Sunday Times front page says road jams caused by segregated bike lanes

0.2 percent of the roads in London have been equipped with protected cycleways yet the Sunday Times today claims that road congestion in the UK is caused by "the squeezing of road-space by segregated cycle lanes." Mark Hookham, the newspaper’s transport correspondent, listed that as the second of four reasons blamed for worsening congestion in the UK. (The other reasons were the growth of white van deliveries thanks to internet shopping, increasing numbers of mini-cabs and badly planned roadworks.)

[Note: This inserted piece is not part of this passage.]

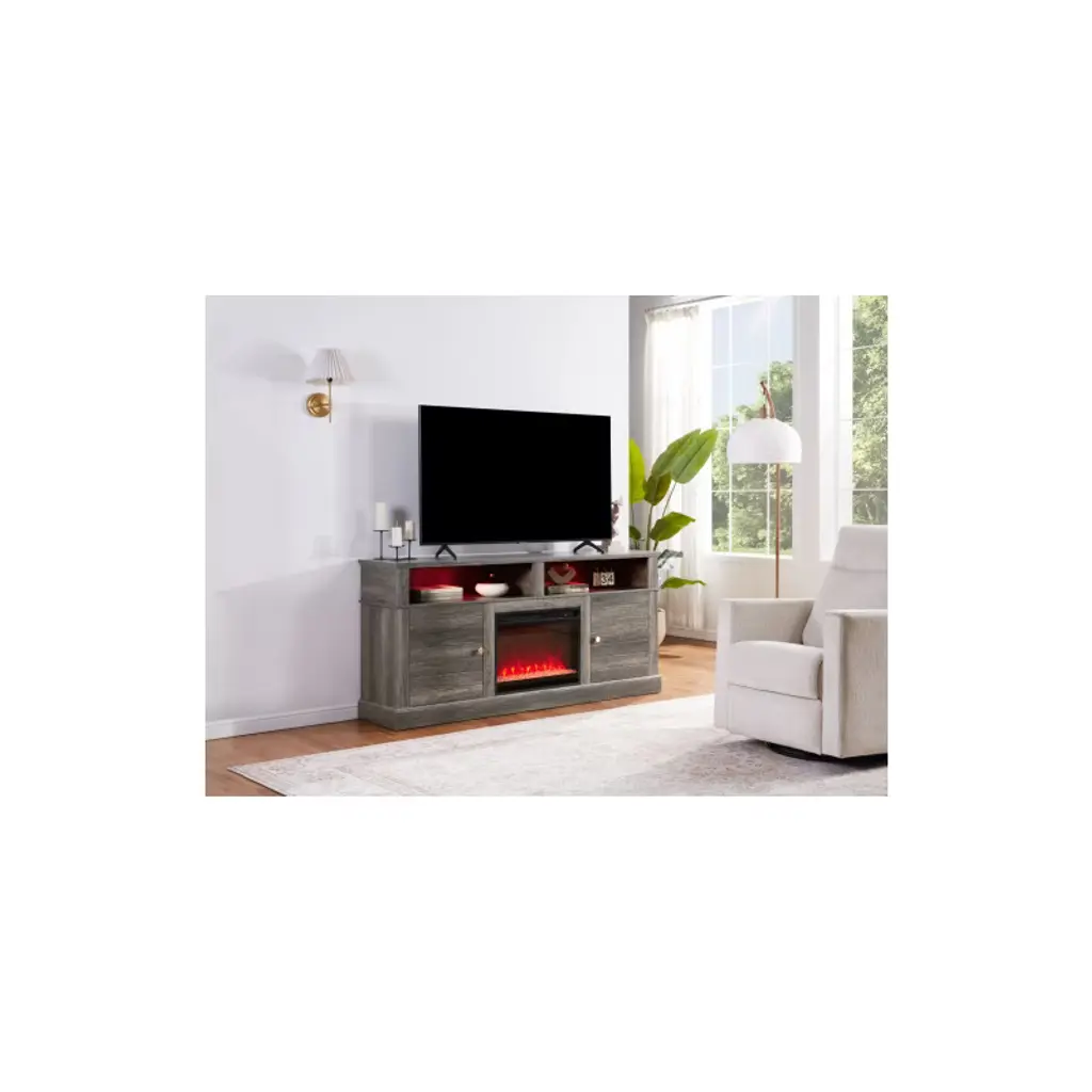2-IN-1 Design&Poduct Dimension The 2-IN-1 design TV stand is a versatile pick for the living room.Twin side cabinets offer abundant storage, featuring adjustable interior shelves to cater to your home decor and storage preferences.This TV Stand will be durable and long lasting for several years to come. Generous Storage Space The double doors have a tempered glass which is perfect place for collectables and keepsakes to be kept safe while still being able to enjoy the view. Solid Structure The fireplace TV stand traditional and Classic style made of heavy duty laminated MDF and particleboard, plenty room for place your DVD player, cable box, and gaming systems in the multiple shelves.The modern finish pairs well any style and decor,so excellent! Combination of Decor & Warmth The infrared quartz heat preserves the natural humidity in the air, providing comfortable warmth without parching the room.

The claim that "segregated cycle lanes" – of which there are a tinier number nationwide than there are in London – are causing congestion in the whole of the UK is not backed with any evidence yet is now there in black-and-white on the front cover of a supposedly "serious" newspaper.

On 5th October a similar claim was carried on the front page of the Daily Mail, which also claimed that cycleways cause pollution, as if London wasn’t already plagued with particulates.

The piece was headlined: "Cycle lanes lunacy!" and claimed that "more and more are being built across Britain," adding that "the maddest thing of all [is] they’re often EMPTY." Many roads are also empty outside of the peak, but there has been no Daily Mail cover story on that.

Transport for London has said the addition of cycle superhighways has, in fact, seen a higher capacity of moving people, disagreeing with the view that they have increased congestion. Cars take up a lot of room yet often contain just one person – a road with fifteen cars on it looks full and busy; a cycleway with fifteen cyclists on it, using space efficiently, doesn’t look busy.

Complaining about the cycleway on London’s Embankment journalist Tom Rawstorne wrote that: "Traffic has been brought to a virtual standstill" ignoring the fact that the Embankment has long been jammed with motor traffic. The cycleway along the Embankment replaced not a travel lane but space set aside for coach parking.

But the “cycle lane lunacy” isn’t just confined to London, claimed Rawstorne. "From Cambridge to Cornwall, lanes are being marked off for bicycles, and residential streets are being turned into rat runs by desperate motorists looking for a way past the jams," he wrote.

The articles in the Sunday Times and the Daily Mail are similar to many other motor-centric pieces that have been published down the years, written to appease the kind of folks sitting behind steering wheels looking to blame anyone but themselves for the amount of cars in front of them, or, as car satnav maker TomTom put it in a 2010 outdoor poster: “You are not stuck in traffic. You are traffic.”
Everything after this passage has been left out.